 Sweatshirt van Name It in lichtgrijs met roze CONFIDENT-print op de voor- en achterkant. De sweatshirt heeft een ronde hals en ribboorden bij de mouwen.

++++

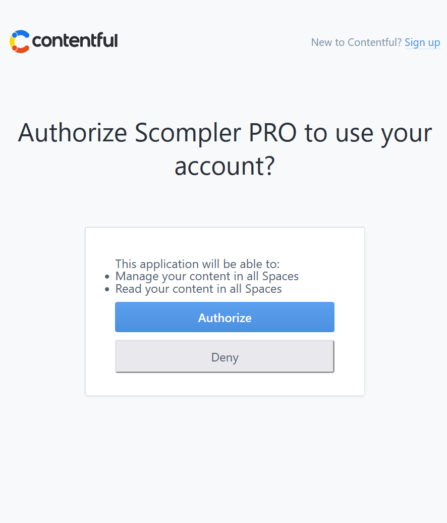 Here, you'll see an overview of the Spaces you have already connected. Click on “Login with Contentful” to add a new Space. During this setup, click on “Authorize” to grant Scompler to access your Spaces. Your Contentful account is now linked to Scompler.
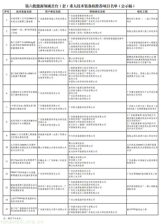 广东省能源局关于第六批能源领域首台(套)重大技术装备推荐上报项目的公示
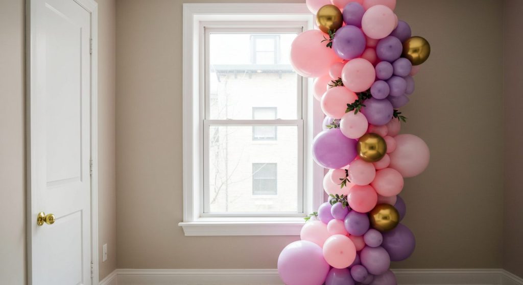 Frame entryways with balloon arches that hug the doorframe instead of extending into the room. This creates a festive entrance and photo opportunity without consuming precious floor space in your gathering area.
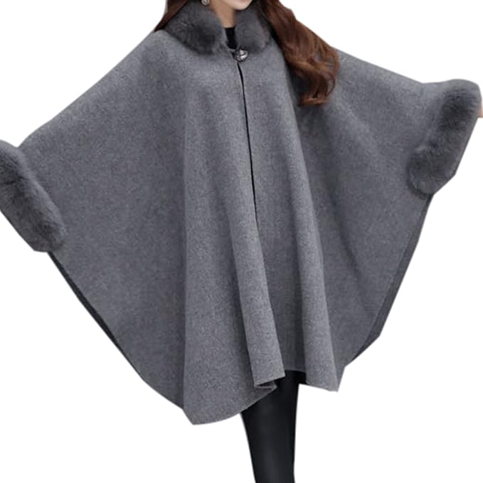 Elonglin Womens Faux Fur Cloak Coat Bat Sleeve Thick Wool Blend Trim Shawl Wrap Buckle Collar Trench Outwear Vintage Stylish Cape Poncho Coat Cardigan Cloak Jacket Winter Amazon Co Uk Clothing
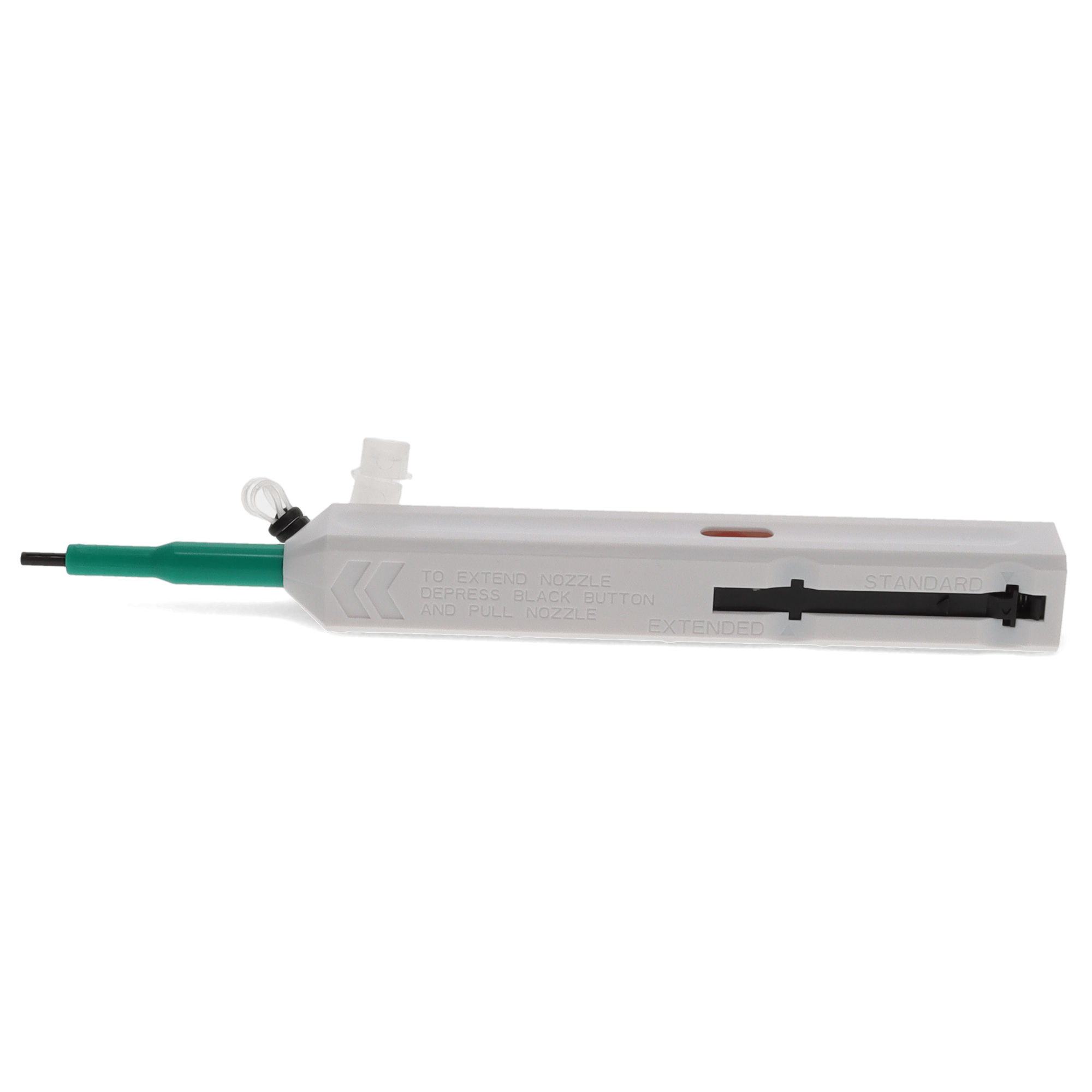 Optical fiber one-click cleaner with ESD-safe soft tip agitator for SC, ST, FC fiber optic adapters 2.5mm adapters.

++++

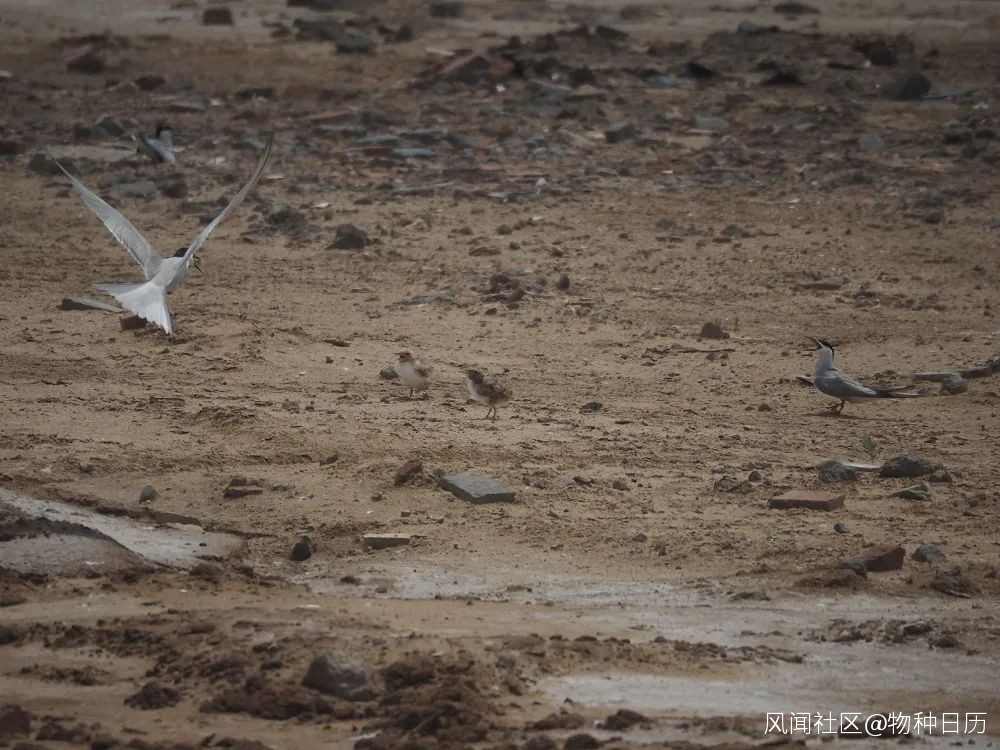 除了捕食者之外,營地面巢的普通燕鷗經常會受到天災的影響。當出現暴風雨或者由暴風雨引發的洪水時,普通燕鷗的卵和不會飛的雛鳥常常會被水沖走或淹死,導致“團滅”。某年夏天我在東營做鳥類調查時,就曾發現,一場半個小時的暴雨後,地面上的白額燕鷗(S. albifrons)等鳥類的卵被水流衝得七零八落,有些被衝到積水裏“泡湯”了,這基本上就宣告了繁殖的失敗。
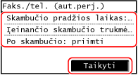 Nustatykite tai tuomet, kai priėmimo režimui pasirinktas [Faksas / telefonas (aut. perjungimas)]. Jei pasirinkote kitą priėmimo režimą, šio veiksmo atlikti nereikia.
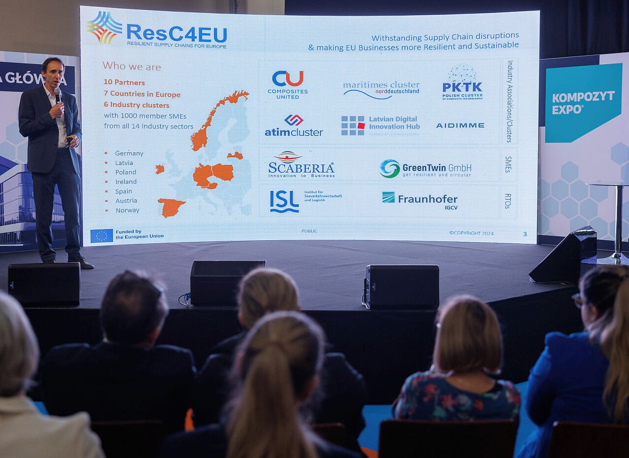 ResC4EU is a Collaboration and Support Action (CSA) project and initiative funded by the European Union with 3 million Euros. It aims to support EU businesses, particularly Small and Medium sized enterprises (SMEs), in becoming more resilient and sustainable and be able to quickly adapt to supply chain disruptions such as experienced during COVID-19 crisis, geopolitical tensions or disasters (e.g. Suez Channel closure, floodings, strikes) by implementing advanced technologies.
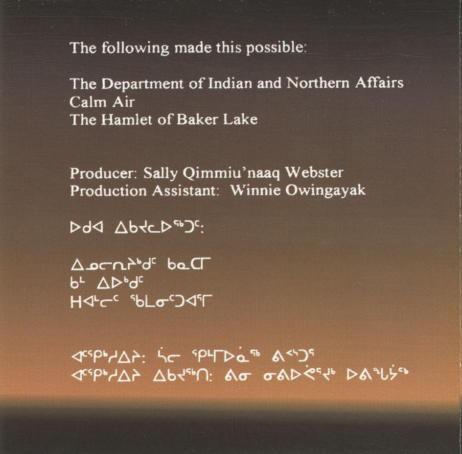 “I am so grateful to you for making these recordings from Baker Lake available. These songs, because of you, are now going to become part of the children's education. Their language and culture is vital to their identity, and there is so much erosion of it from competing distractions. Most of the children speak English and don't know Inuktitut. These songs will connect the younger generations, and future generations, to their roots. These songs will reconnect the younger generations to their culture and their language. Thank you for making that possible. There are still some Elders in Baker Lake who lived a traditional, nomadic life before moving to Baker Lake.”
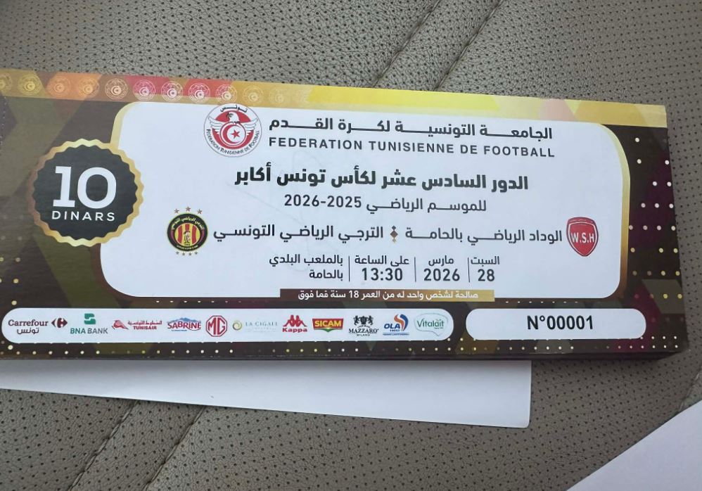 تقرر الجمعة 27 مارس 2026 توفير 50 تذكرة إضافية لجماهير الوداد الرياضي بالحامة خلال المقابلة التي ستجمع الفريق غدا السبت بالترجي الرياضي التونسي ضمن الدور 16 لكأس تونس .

++++

• [ASSIGNMENT]: Leaving every picture aside, reproduce exactly the lines above from the one with "Elonglin Womens Faux" up to and including the one with "Optical fiber one-click", and no others.

• [THE ANSWER]:
 Elonglin Womens Faux Fur Cloak Coat Bat Sleeve Thick Wool Blend Trim Shawl Wrap Buckle Collar Trench Outwear Vintage Stylish Cape Poncho Coat Cardigan Cloak Jacket Winter Amazon Co Uk Clothing
 Optical fiber one-click cleaner with ESD-safe soft tip agitator for SC, ST, FC fiber optic adapters 2.5mm adapters.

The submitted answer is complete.